In the Kurdish case, the myth references both the Kurdish nation (not nation-state), and also the universal story of the rise of patriarchy and the need to overcome it. Jineology is pertinent to every nation and place – and the video coincides with the internationally-celebrated Women’s Day – but how these ideas are played out in each place will be different. The particular and the universal is also reflected in the music, which moves from more operatic or filmic to more traditionally Kurdish.
A similar mythic approach and semi-operatic style was also used in Awazê Çiya’s much longer “Epic of the PKK” from November 2022, which also begins in prehistory, and was also produced in co-operation with the cultural movement in Rojava.
Öcalan and the CPT
Sadly, reality is not so uplifting. Three weeks ago, on 15 February, Öcalan himself passed the 25th anniversary of his incarceration in İmralı island prison. Concern and fear over the situation of the man recognised by millions of Kurds as their leader – who will turn 75 next month – has been intensified by his total isolation from the outside world. For 35 months he has not been allowed any communication with anyone outside the prison, apart from a delegation from the Council of Europe’s Committee for the Prevention of Torture (CPT). They visited the prison a year and a half ago, and have given no information about what they found.

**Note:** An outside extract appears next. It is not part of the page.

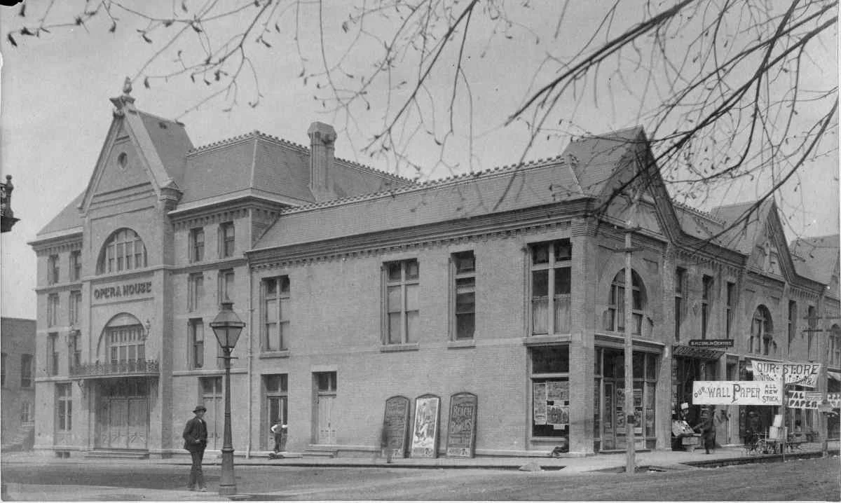 The Wood Opera House, built 1883 on the corner of Scott and Third Streets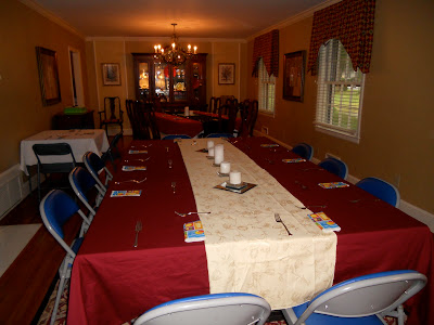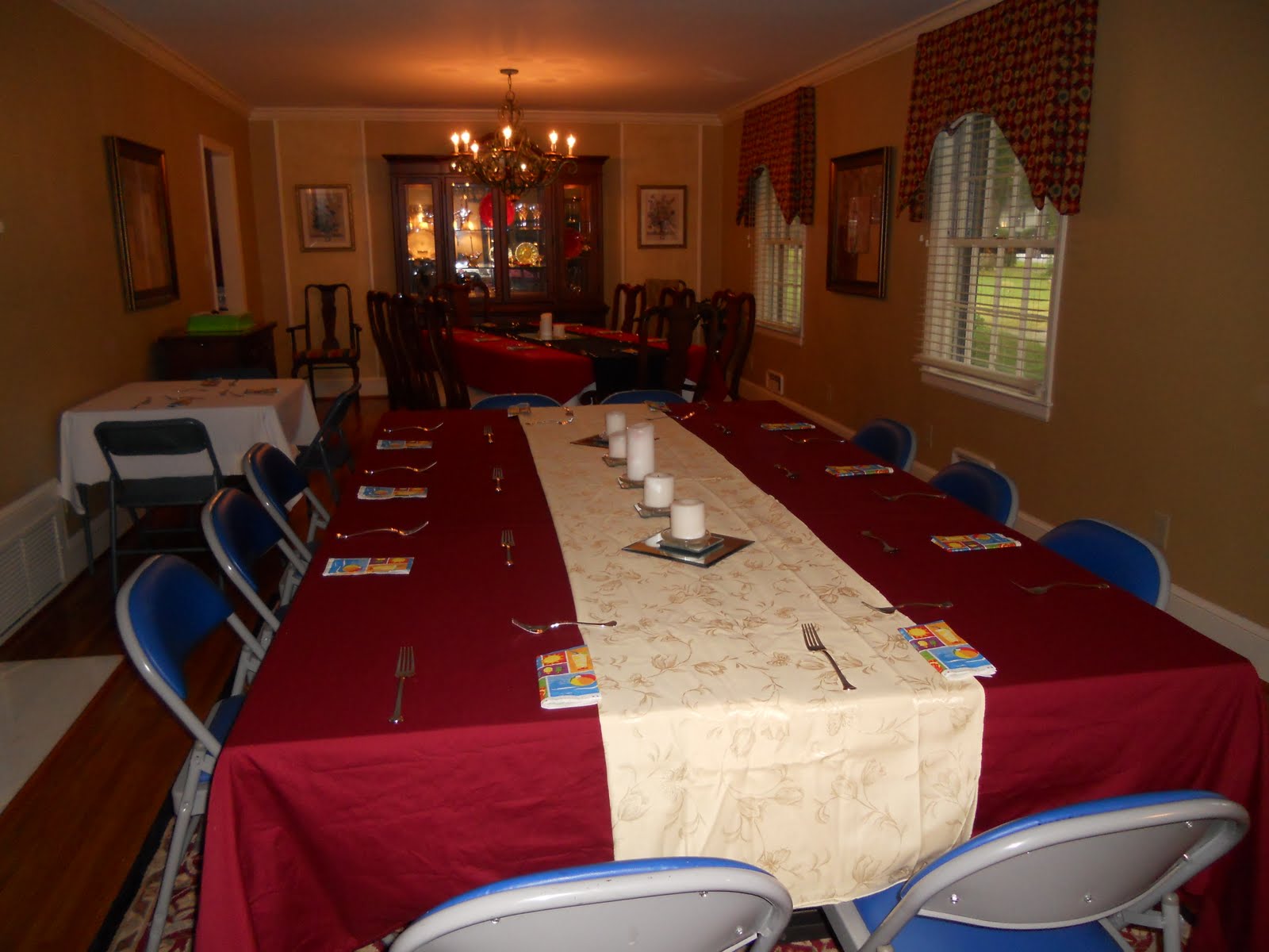 My mom organized the night perfectly! Guests were to come at 6pm and mingle until dinner was served around 6:30pm. Dinner was catered (my mom doesn't enjoy cooking) and we had chopped barbeque served with buns, barbeque chicken breasts, baked beans, pineapple casserole dish, chips, and other dishes were served. The food, company, and the cake were a hit with everyone. Now we all can't wait to see the boys play football!

The CPT are uniquely able to get access to prisoners in all Council of Europe member states. The agreement that makes this possible, stipulates that their reports on their visits must allow a response from the country concerned, and that it is up to that country whether to make the report public. However, Öcalan’s lawyers have argued that in these extreme circumstances the CPT have both a right and a duty to make a brief statement on his health and situation. Article 10 (2) of the European Convention for the Prevention of Torture and Inhuman or Degrading Treatment or Punishment, stipulates that if a State Party “fails to co-operate or refuses to improve the situation in the light of the Committee’s recommendations, the Committee may decide, after the Party has had an opportunity to make known its views, by a majority of two-thirds of its members to make a public statement on the matter.” The CPT has made such statements on Turkey in the past – in 1992 and 1996 – and were going to do so with respect to İmralı in 2008, but were pre-empted by Turkey’s announcement that they would construct a new detention block on the island and bring in other prisoners. The three other prisoners there now are facing similar isolation.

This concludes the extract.